Published April 7, 2015
The report is based on interviews with more than 50 female activists and their relatives all around the country. 
— AFP
The report is based on interviews with more than 50 female activists and their relatives all around the country. — AFP

KABUL: Afghanistan is turning its back on female activists and leaving them vulnerable to threats, assassinations and sexual assault, Amnesty International said Tuesday, urging the international community to preserve hard-won gains for women.

Female rights campaigners have been suffering a growing number of targeted car bombings, grenade attacks and killings of family members, the London-based organisation said in a report entitled “Their lives on the line”.

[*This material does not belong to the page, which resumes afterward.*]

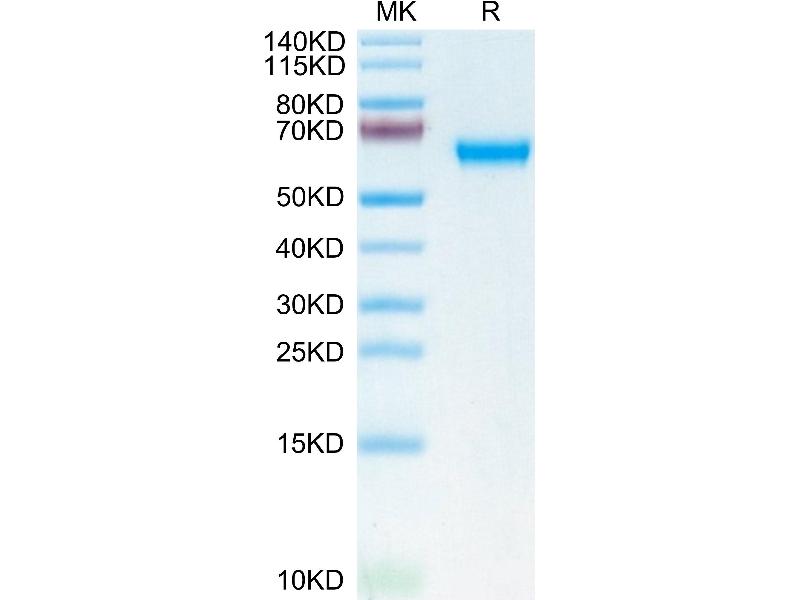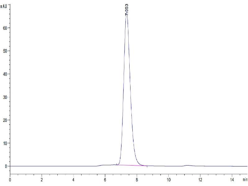 The purity of the protein is greater than 95 % as determined by SDS-PAGE and Coomassie blue staining.

“Laws meant to support them are poorly implemented, if at all, while the international community is doing far too little to ease their plight,” it said.

Most of the threats come from the Taliban and armed opposition groups, but government officials and local warlords also commit abuses against female activists, the report said.

“Women human rights defenders from all walks of life have fought bravely for some significant gains over the past 14 years -- many have even paid with their lives,” Amnesty International chief Salil Shetty told reporters in Kabul.

“It's outrageous that Afghan authorities are leaving them to fend for themselves, with their situation more dangerous than ever,” he said.

The report is based on interviews with more than 50 female activists and their relatives all around the country.

Since the fall of the Taliban in 2001 Afghan women have made significant advances in rights, with millions of girls attending schools and women holding government posts.

But with the steady withdrawal of foreign forces and the Taliban insurgency still resilient, there are growing fears the gains will be lost.

“Afghanistan is facing an uncertain future, and is at arguably the most critical moment in its recent history. Now is not the time for international governments to walk away,” Shetty said.

Reacting to the scathing report, President Ashraf Ghani said his government was “committed to protecting women's rights”.

Last month a mob in downtown Kabul lynched a 27-year old woman for allegedly burning the Koran.

The mob then set her body ablaze and dumped it in Kabul river while several police officers looked on.

In February popular female politician Angiza Shinwari died following a bomb attack on her vehicle in the volatile eastern province of Nangarhar.

And last year Shukria Barakzai, a prominent female MP and women's rights campaigner, narrowly survived a suicide attack in Kabul.